An Important Message To Readers

May 20, 2012
By Anonymous

Dear Reader,
There are a few things I deeply regret. If I hadn’t done these things, I would be in a lot better place than I am now. Oh, reader, let us go back in time, to my middle school days.

Becky was obese, and she knew it. She was extremely insecure in her body. At even the most innocent of comments, directed at her weight, she would immediately lock herself in the girl’s bathroom and cry her eyes out. The popular girls would call her a crybaby. When this happened, I would get angry, but I would never stand up for her for fear of losing my close friend who was part of the popular girls that taunted and teased. She was basically the only link I had to my crush, and I couldn’t risk losing THAT. Now, I have lost contact with my friend, and Becky has recently become a teen model, which I desperately want to be. If I had stood up for her and befriended her, I could have had a chance to become a model as well.

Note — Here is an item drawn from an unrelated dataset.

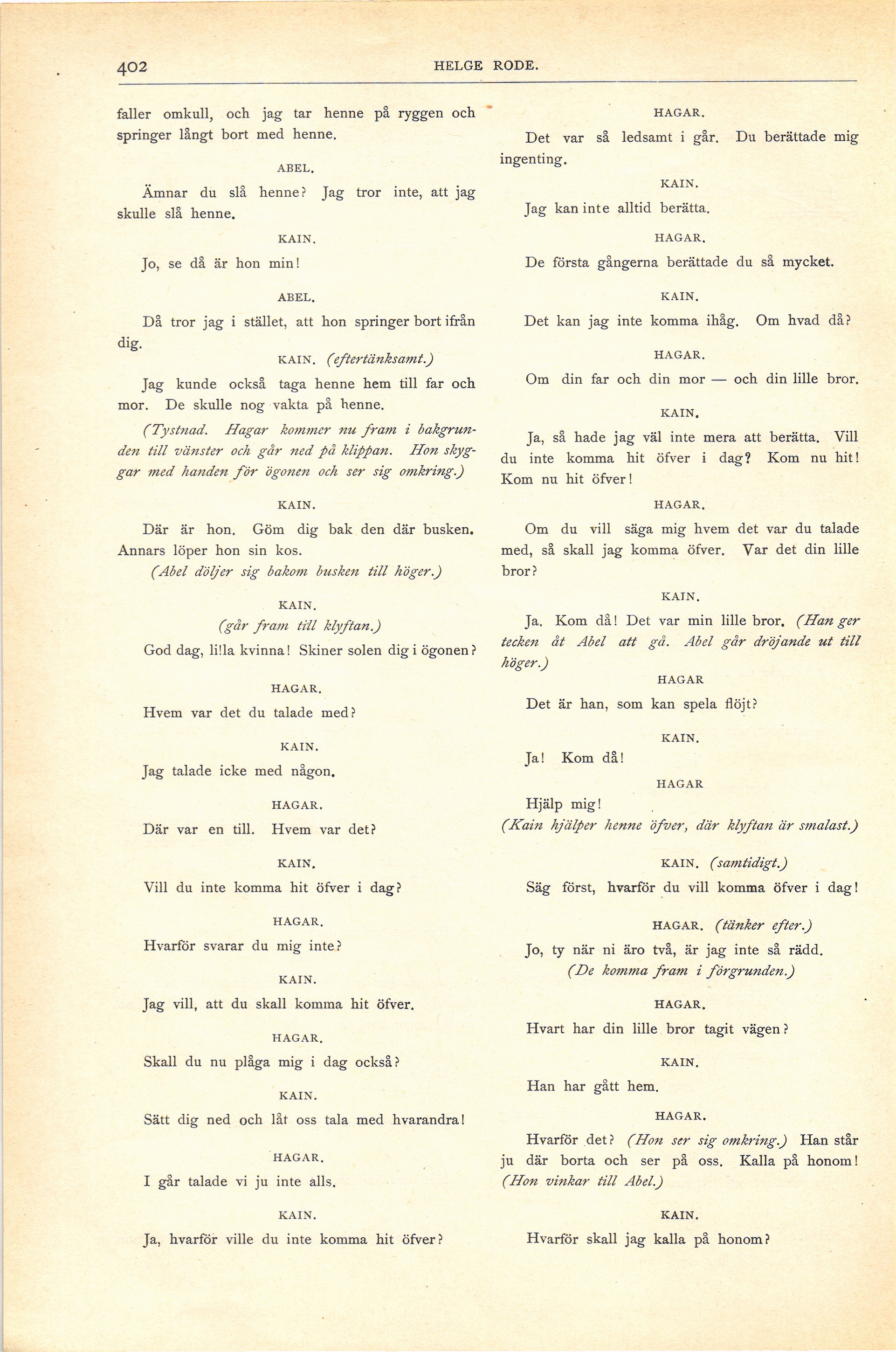 Full resolution (JPEG) - On this page / på denna sida - Nionde häftet - Kain och Abel. Drama i 1 akt af Helge Rode. Öfversättning från författarens manuskript af A. R—e

Sugar had visited or lived in 28 countries in her lifetime. She had a mix of accents. She had not been exposed to much cruelty and she did not know what was on the bandwagon. At this point of time in my school, Justin Bieber, the male pop singer, was immensely unpopular. Kids in my school hated them. I obviously joined them, making fun of the poor guy and his slightly immature voice. One day, when my friends and I were watching one of his music videos and making fun of him, she spoke out.
“His voice isn’t that bad. He matches the notes pretty well. He isn’t horrible. Why are you making fun of him?”
Just for those simple statements, Sugar was the target of cyber-bullying for the rest of the year. I watched from a distance as her innocent and happy aura slowly faded to an aura of depression, and she eventually moved away to Singapore. Sugar has recently won a quiz bowl and is one of Singapore’s top students. I now struggle with my studies. If I had befriended and stood up for her, I could have gotten tutoring and gotten better grades.
Megan and Anita were fraternal twins, but they almost looked the same. They both had braces that stuck out, and thick metal glasses. They were in advanced math and were the ultimate teacher’s pets. They had black frizzy hair and were also extremely innocent. They could not, for god’s sakes, tell they were the target of many, many people’s taunts. I was one of them. Jealous for their grades and accomplishments, I silently lashed out at them and spread many rumors. They are now head of a citywide club, which has just gained recognition from the mayor. They are the most popular kids in school. If I hadn’t been so mean to them, I could have befriended them and joined the club and gotten some recognition as well.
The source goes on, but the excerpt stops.